■ WORK REQUEST ■
Before copying the entries, remove the pictures; everything else stays exactly as it is.

■ RECORDS PROVIDED ■
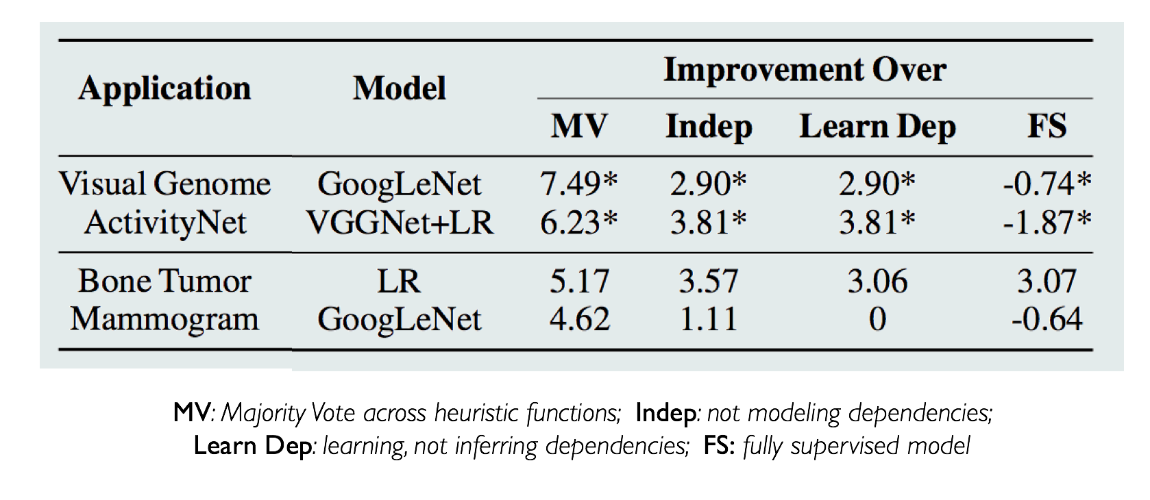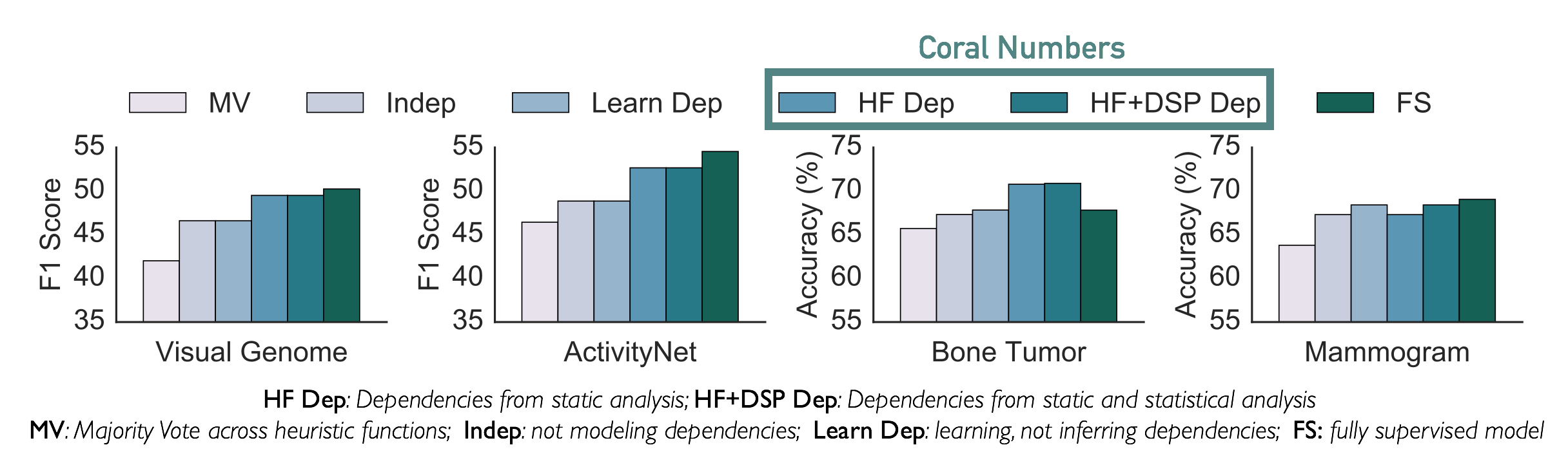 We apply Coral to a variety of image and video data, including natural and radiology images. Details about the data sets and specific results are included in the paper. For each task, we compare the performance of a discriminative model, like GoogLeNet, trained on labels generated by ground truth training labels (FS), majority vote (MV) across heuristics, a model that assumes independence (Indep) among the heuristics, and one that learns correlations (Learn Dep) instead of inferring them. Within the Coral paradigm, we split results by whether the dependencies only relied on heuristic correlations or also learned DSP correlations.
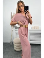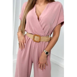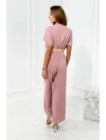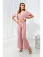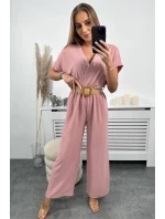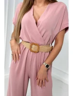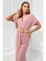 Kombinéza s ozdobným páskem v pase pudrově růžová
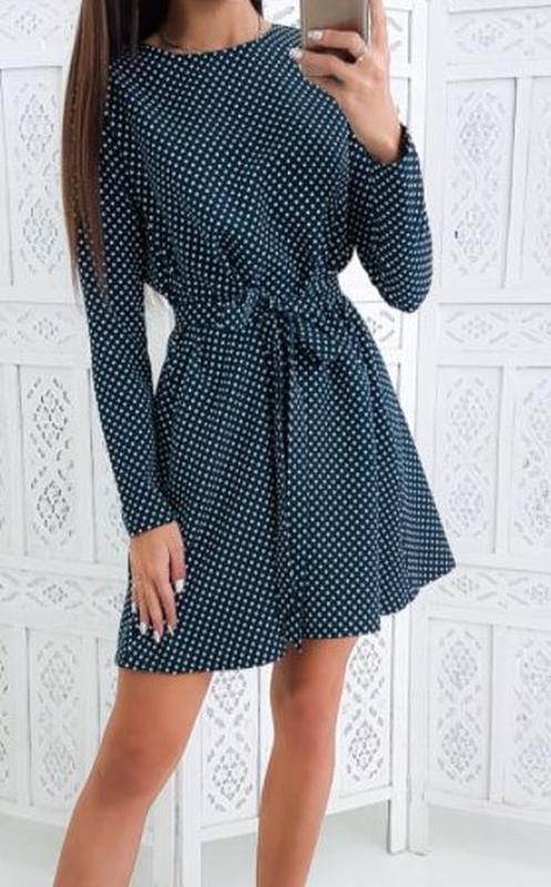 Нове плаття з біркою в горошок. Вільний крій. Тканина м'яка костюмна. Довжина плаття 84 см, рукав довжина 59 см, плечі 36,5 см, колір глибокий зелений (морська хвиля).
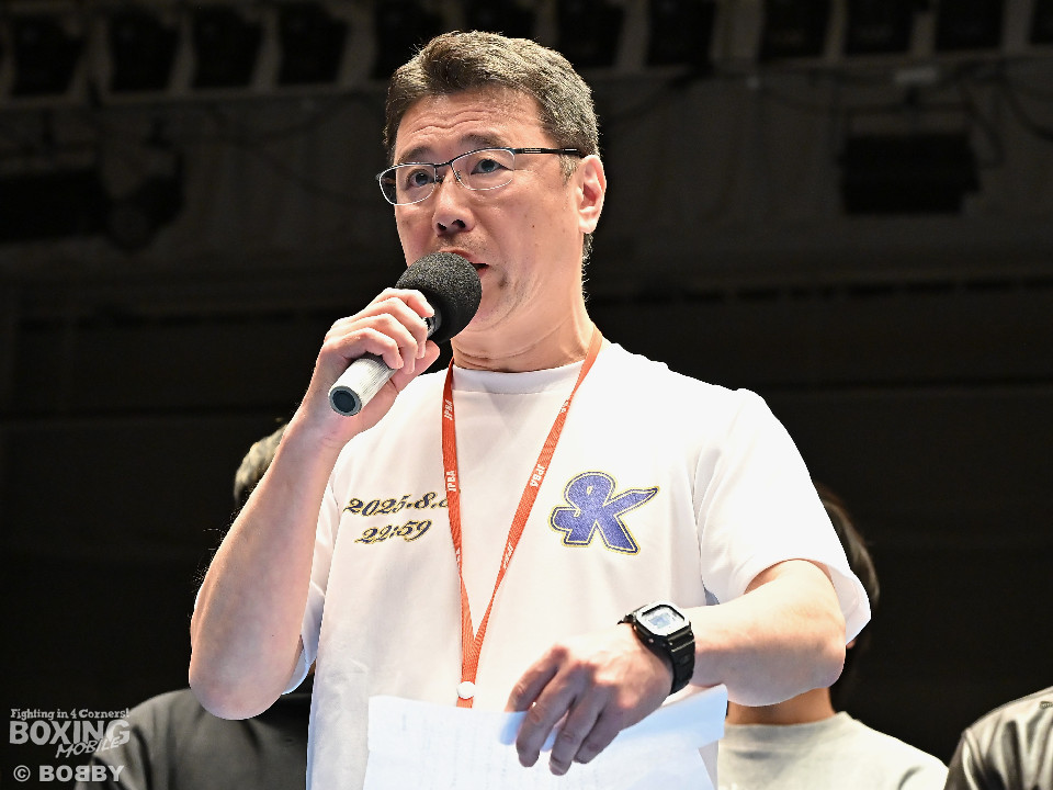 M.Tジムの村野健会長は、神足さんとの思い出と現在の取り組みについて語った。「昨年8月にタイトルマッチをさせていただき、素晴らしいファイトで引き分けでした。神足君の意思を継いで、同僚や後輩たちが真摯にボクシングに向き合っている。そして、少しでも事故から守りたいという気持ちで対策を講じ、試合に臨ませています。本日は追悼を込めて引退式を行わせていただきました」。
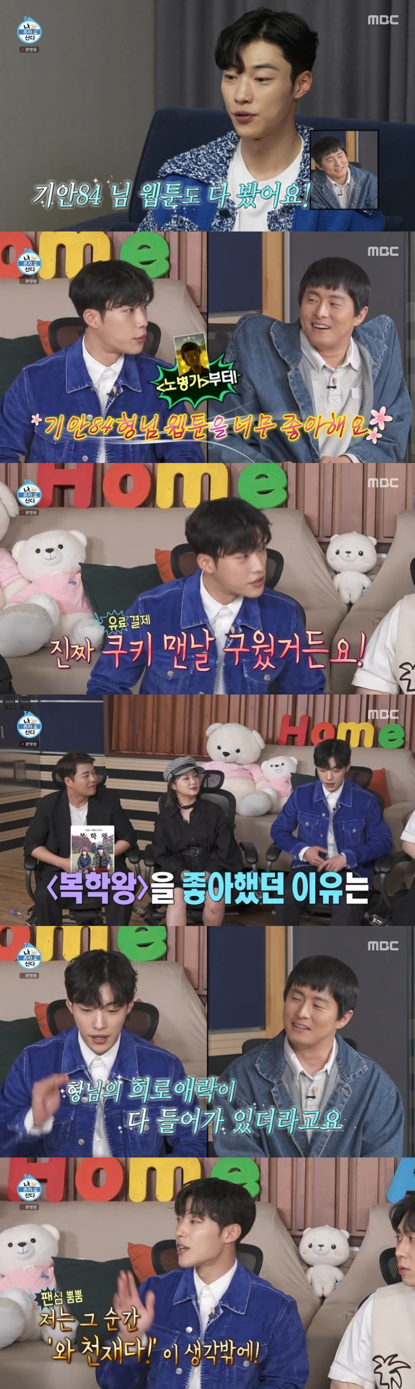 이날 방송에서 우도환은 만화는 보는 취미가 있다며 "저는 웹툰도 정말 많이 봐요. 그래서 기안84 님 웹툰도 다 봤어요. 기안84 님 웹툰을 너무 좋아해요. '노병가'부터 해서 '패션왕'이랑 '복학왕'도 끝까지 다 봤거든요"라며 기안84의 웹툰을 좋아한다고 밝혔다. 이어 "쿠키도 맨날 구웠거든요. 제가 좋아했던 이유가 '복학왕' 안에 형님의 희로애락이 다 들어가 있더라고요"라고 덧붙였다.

■ SOLUTION BELOW ■
 We apply Coral to a variety of image and video data, including natural and radiology images. Details about the data sets and specific results are included in the paper. For each task, we compare the performance of a discriminative model, like GoogLeNet, trained on labels generated by ground truth training labels (FS), majority vote (MV) across heuristics, a model that assumes independence (Indep) among the heuristics, and one that learns correlations (Learn Dep) instead of inferring them. Within the Coral paradigm, we split results by whether the dependencies only relied on heuristic correlations or also learned DSP correlations.
 Kombinéza s ozdobným páskem v pase pudrově růžová
 Нове плаття з біркою в горошок. Вільний крій. Тканина м'яка костюмна. Довжина плаття 84 см, рукав довжина 59 см, плечі 36,5 см, колір глибокий зелений (морська хвиля).
 M.Tジムの村野健会長は、神足さんとの思い出と現在の取り組みについて語った。「昨年8月にタイトルマッチをさせていただき、素晴らしいファイトで引き分けでした。神足君の意思を継いで、同僚や後輩たちが真摯にボクシングに向き合っている。そして、少しでも事故から守りたいという気持ちで対策を講じ、試合に臨ませています。本日は追悼を込めて引退式を行わせていただきました」。
 이날 방송에서 우도환은 만화는 보는 취미가 있다며 "저는 웹툰도 정말 많이 봐요. 그래서 기안84 님 웹툰도 다 봤어요. 기안84 님 웹툰을 너무 좋아해요. '노병가'부터 해서 '패션왕'이랑 '복학왕'도 끝까지 다 봤거든요"라며 기안84의 웹툰을 좋아한다고 밝혔다. 이어 "쿠키도 맨날 구웠거든요. 제가 좋아했던 이유가 '복학왕' 안에 형님의 희로애락이 다 들어가 있더라고요"라고 덧붙였다.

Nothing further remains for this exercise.